Home-page: https://github.com/hiposfer/osmtogtfs
Author: Mehdi Sadeghi
Author-email: mehdi@mehdix.org
License: MIT
Description-Content-Type: UNKNOWN
Description: # osmtogtfs
        
        [![Build Status](https://travis-ci.org/hiposfer/osmtogtfs.svg?branch=master)](https://travis-ci.org/hiposfer/osmtogtfs) [![pypi](https://img.shields.io/pypi/v/osmtogtfs.svg)](https://pypi.python.org/pypi/osmtogtfs)
        
        Extracts partial GTFS feed from OSM data.
        
        OpenStreeMaps data contain information about bus, tram, train and other public transport means.
        This information is not enought for providing a complete routing service, most importantly because
        it lacks timing data. However, it still contains routes, stop positions and some other useful data.
        
        This tool takes an OSM file or URI and thanks to [osmium](http://osmcode.org/) library converts it to a partial 
        [GTFS](https://developers.google.com/transit/gtfs/reference/) feed. GTFS is the de facto standard 
        for sharing public transport information and there are many tools around it. The resulting feed would
        not validate if you check it, because it is of course partial. Nevertheless, it is yet valuable to us.
        
        # Installation
        This tool uses osmium which is a C++ library built using boost, so one should install that first.

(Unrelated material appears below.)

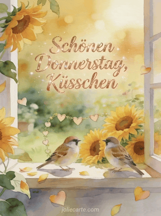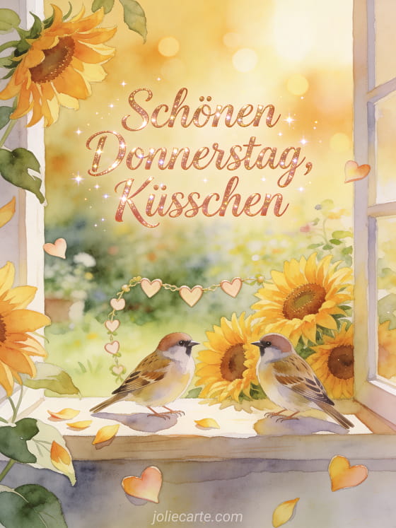 Teile einen hellen Donnerstagsgruß mit Küsschen, Sonnenblumen und einer sanften Gartenszene in Aquarell. Entdecke auch schönen Donnerstag an alle Bilder, guten Morgen Donnerstag gif oder kostenlose virtuelle schönen donnerstag karten.

        The best way would be using the package manager of your OS and installing [pyosmium](https://github.com/osmcode/pyosmium).
        
        Afterwards install the script from pypi:
        
            $ pip install osmtogtfs
        
        Alternatively you can clone the repo and install it:
        
            $ git clone https://github.com/hiposfer/osmtogtfs & cd osmtogtfs
            $ python setup.py install
        
        This will install `osmtogtfs` command on your system. You can also directly run the `osmtogtfs.py` script found
        in the source directory. Make sure to run it with python 3.
        
        # Tests
        We use the wonderful `pytest` package for testing. Install pytest and run the tests:
        
            $ pip install pytest
            $ pytest -s tests/tests.py
        
        `-s` disables capturing and shows us more output (such as print statements and log messages).
        
        ## Pytest Caching
        In order to run tests faster we use caching. The result of OSM preprocessing will be cached and used
        for subsequent tests. In order to clear the cache run pytest with `--cache-clear` option. Alternatively
        you can delete `.cache` folder.
        
        ## Profiling
        In order to profile the code we use `cProfile`:
            
            # For the `osmtogtfs` script
            $ python -m cProfile -s cumtime osmtogtfs.py resources/osm/bremen-latest.osm.pbf --outdir tests/out > tests/benchmark.txt
        
        You will find results in [`tests/benchmark.txt`](tests/benchmark.txt).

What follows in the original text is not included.